# PROBLEM DETAILS
Copy out the full listing below as it stands, with its pictures left behind.

# INFORMATION SHOWN
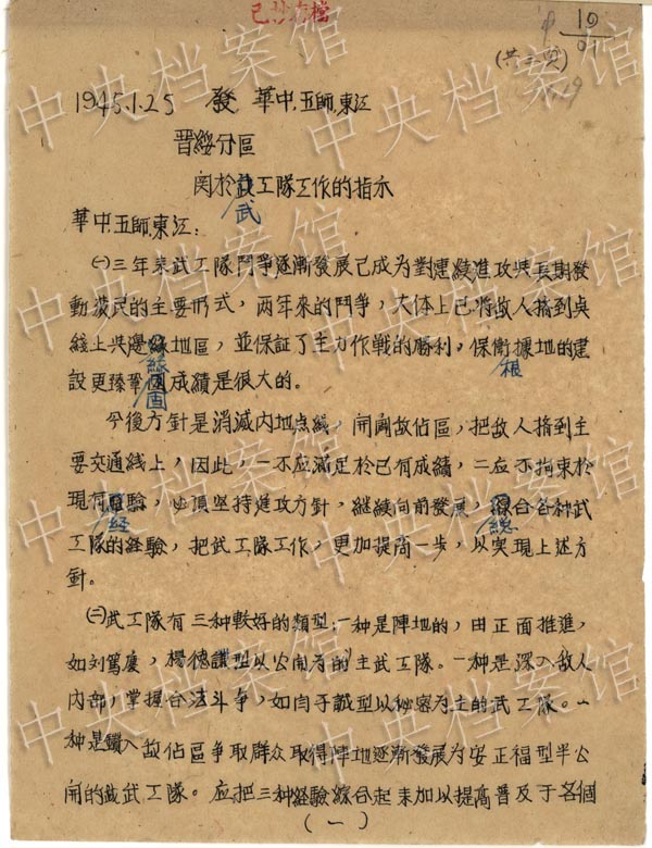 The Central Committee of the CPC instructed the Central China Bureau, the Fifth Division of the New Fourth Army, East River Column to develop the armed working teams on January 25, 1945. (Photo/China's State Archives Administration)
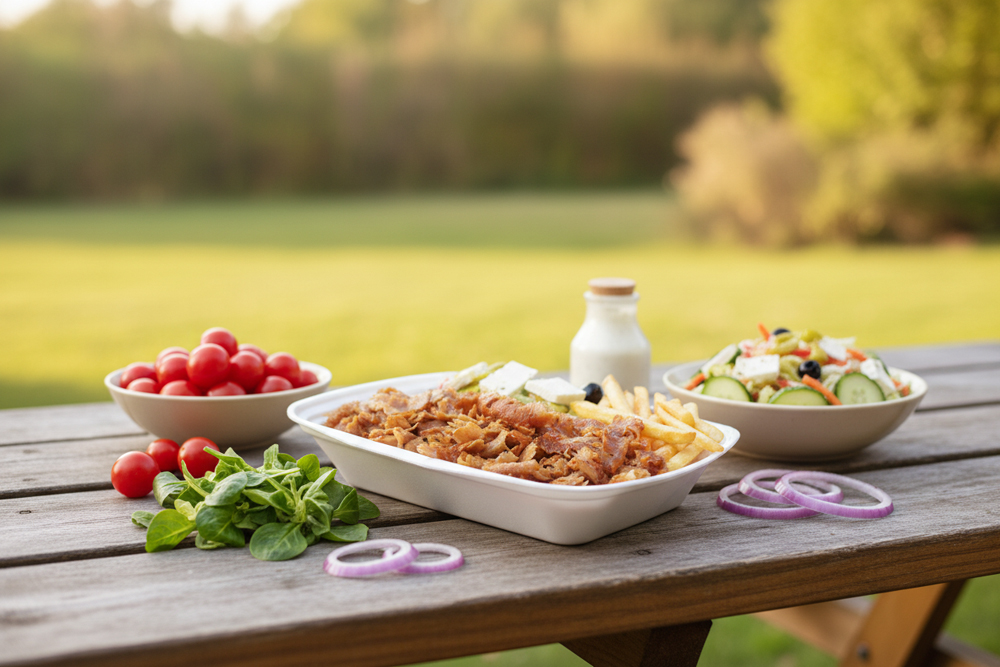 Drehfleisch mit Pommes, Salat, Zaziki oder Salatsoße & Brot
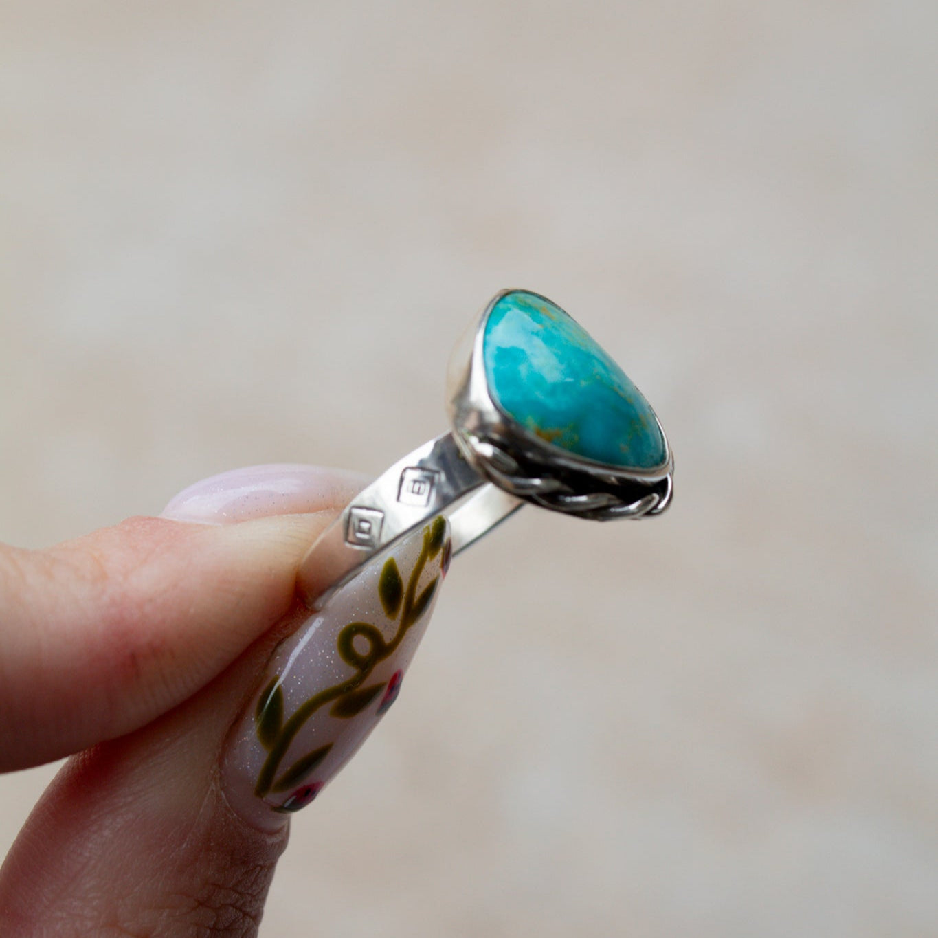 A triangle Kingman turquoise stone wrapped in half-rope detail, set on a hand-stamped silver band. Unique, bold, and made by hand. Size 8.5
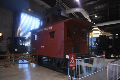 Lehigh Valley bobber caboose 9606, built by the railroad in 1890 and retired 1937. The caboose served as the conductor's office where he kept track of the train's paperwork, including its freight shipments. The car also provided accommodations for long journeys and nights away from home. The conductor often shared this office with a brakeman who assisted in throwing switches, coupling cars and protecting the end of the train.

# PROBLEM SOLUTION
 The Central Committee of the CPC instructed the Central China Bureau, the Fifth Division of the New Fourth Army, East River Column to develop the armed working teams on January 25, 1945. (Photo/China's State Archives Administration)
 Drehfleisch mit Pommes, Salat, Zaziki oder Salatsoße & Brot
 A triangle Kingman turquoise stone wrapped in half-rope detail, set on a hand-stamped silver band. Unique, bold, and made by hand. Size 8.5
 Lehigh Valley bobber caboose 9606, built by the railroad in 1890 and retired 1937. The caboose served as the conductor's office where he kept track of the train's paperwork, including its freight shipments. The car also provided accommodations for long journeys and nights away from home. The conductor often shared this office with a brakeman who assisted in throwing switches, coupling cars and protecting the end of the train.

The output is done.